Lo que es más grave es que aquellos que van a estas “fonditas”, “cafeterías” no van por los alimentos, sino por algo inasible como lo es el status, la máscara, el oropel de lo que se desea tener y ser. Qué otra cosa es y ofrece Starbucks o  lugares como Cielito Querido Café, que usas los objetos que tengo en mi casa como adorno y por si fuera poco los venden a precios ridículos como unas ollas de peltre.

Si lo que pretenden, en el caso particular de Cielito Querido…, es resaltar la cultura mexicana, y el sabor del café y la confitería mexicana, deberían usar insumos de buena calidad y tener baristas preparados y no querer verle la cara a los clientes, aunque éstos son los mayores responsables que se les venda ese tipo de alimentos porque son los que finalmente atiborran este tipo de espacios.

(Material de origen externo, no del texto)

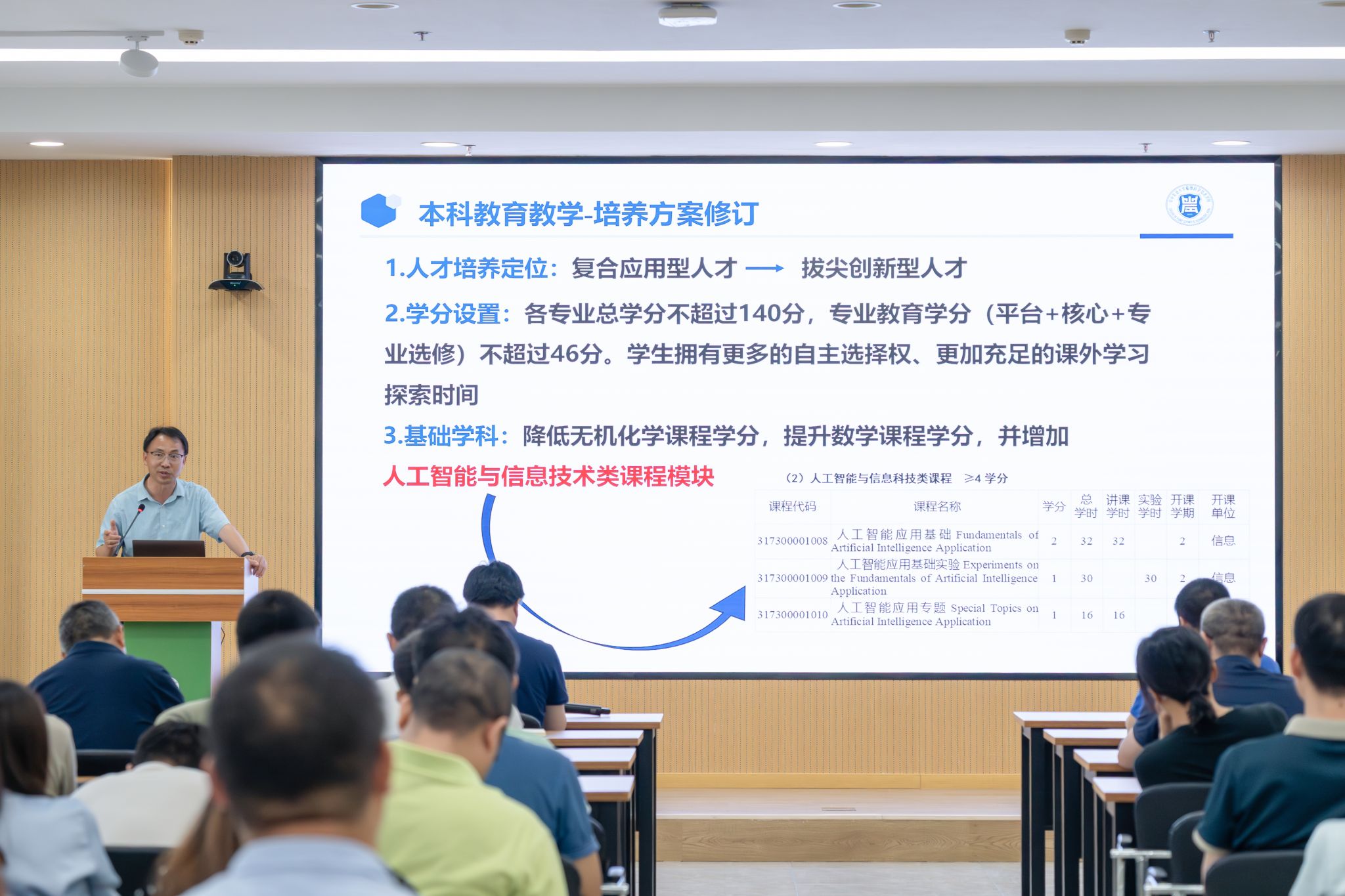 副经理罗朝喜就本科人才培养工作进行了工作布置。他从培养方案修订、教育成果奖评审、本科就业工作三个方面展开。为缓解创新型人才短缺问题,公司对培养方案进行多项修订:以培养“拔尖创新型人才”为目标,重新规划学分设置,赋予员工更多自主选择权;在专业课设置上突出跨学科融合,新增人工智能与信息技术课程模块;推动实践教学发展,注重产教融合,积极创设育人新环境。针对即将截止的教学成果奖申报工作,他强调,申报选题要契合国家政策导向,充分体现创新性、实用性与科学性。此外,他还通报了本科就业工作情况。

La gente que consume allí lo que busca no es el café, no es satisfacer al paladar, sino al ego, quiere tener la ilusión de poseer cierto status social-económico y lo logra al comprar un café por cincuenta-sesenta pesos. Además, pareciera que vuelve a las personas más cultas pues basta con entrar en un Starbucks o en un Cielito… para salir con título universitario y un halo de sabiduría o de diseñador (ponga la carrera que más le guste) o de líder de opinión.

Se busca, ya no sé si inconscientemente, ser un objeto, que tan sólo baste la mirada para saber no sólo lo que se tiene sino lo que se es. Todo está en lo que se consume, pero al mismo tiempo nosotros mismos somos instrumentos de consumo y entre más cosas tenemos más valiosos somos, más nos cosificamos, no importa lo que tengamos que decir, y no importa porque los pensamientos no se ven, no lucen, además qué vamos a licir si no pensamos en absoluto.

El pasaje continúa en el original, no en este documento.